Christopher Booker is a scholar who wrote that every story falls into one of seven basic plot structures: Overcoming the Monster, Rags to Riches, the Quest, Voyage and Return, Comedy, Tragedy, and Rebirth. Shmoop explores which of these structures fits this story like Cinderella’s slipper.
Plot Type : Voyage and Return
Anticipation Stage and "Fall" Into the Other World
In "On The Rainy River," Tim O'Brien is drafted to go to Vietnam.
Before he's drafted, O'Brien has a totally abstract view of politics. He knows that he doesn't like the war, but for political reasons, not because he's afraid he might have to go. And then, suddenly, he's drafted and it gets personal.

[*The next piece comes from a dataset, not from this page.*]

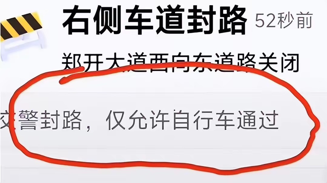 现在的郑开大道因被大量共享单车,以及骑行者随意丢弃的物品占用,在2024年11月9日16时至11月10日12时之间,被禁止非机动车通行,而开封市的各大景区也已恢复正常开园时间。

He gets a summer job at a meatpacking plant, and all the blood and slaughter just make him more afraid and sickened by what he's going to have to go do. He thinks about running away to Canada, but chickens out, afraid of the social stigma—just an anticipatory taste of the issues with reputation and weakness he's going to have once he gets to the war.
Initial Fascination or Dream Stage
In "How to Tell a True War Story" and "Spin," O'Brien talks about the more compelling parts of the war.
Even when things seem like they're really not all that bad—the weather is nice, and even though they're carrying a lot, they're really just marching together—someone will step on a mine or get shot, and O'Brien is abruptly reminded that they're indeed still at war. Even the funny, light-hearted things have an element of the weird about them, like Kiowa doing a rain dance in a Vietnamese village or a tranqued-out Lavender talking about how mellow the war is.
Frustration Stage
In "The Man I Killed," O'Brien stares at the body of a dead man.
We've seen some gruesome things, but this is the first time we've dealt with guilt about killing. For some reason, this lends the story an extra darkness that we've not yet seen. Sure, "Sweetheart of the Song Tra Bong" was super creepy and "How to Tell a True War Story" was very sad and also gross, but in neither of them did the main characters take another human's life. In "The Man I Killed," we have that shadow appear for the first time.
Nightmare Stage
This starts at "Speaking Of Courage" and lasts pretty much all the way to the end of the book.
You don't get much more nightmarish than an exploding, boiling field of poop that drowns your best friend. That particular nightmare stretches out over four stories—"Speaking of Courage," "Notes," "In the Field," and "Field Trip." But the nightmare doesn't end there.
In "The Ghost Soldier," O'Brien gets obsessed with vengeance and ends up having a bizarre and unpleasant hallucination in which he turns into the war itself. And in "Night Life," Rat goes slightly insane, laughing and calling the war "Just one big banquet. Meat, man. You and me. Everybody. Meat for the bugs" (Night Life.22). Ay caramba.
Thrilling Escape and Return
This kind of works with O'Brien in "Notes" and "The Lives of the Dead." It's subverted with Norman Bowker in "Speaking of Courage" and "Notes."
This is the stage that doesn't quite fit. The intensity of the nightmare that the soldiers deal with in the nightmare stage is such that they don't ever really come back from it.
For Norman Bowker, his voyage ended with the nightmare stage. He even says, in "Notes," that "That night when Kiowa got wasted, I sort of sank down into the sewage with him… Feels like I'm still in deep shit" (Notes.3).
O'Brien, on the other hand, does get to escape a bit through his stories. He pours the nightmares onto the page, bringing his dead comrades back to life with words. The act of doing this is his thrilling escape, his return. But he needs to keep doing it because the escape only lasts while the story is alive. It's not a permanent escape or return; he's perpetually escaping, even twenty years later.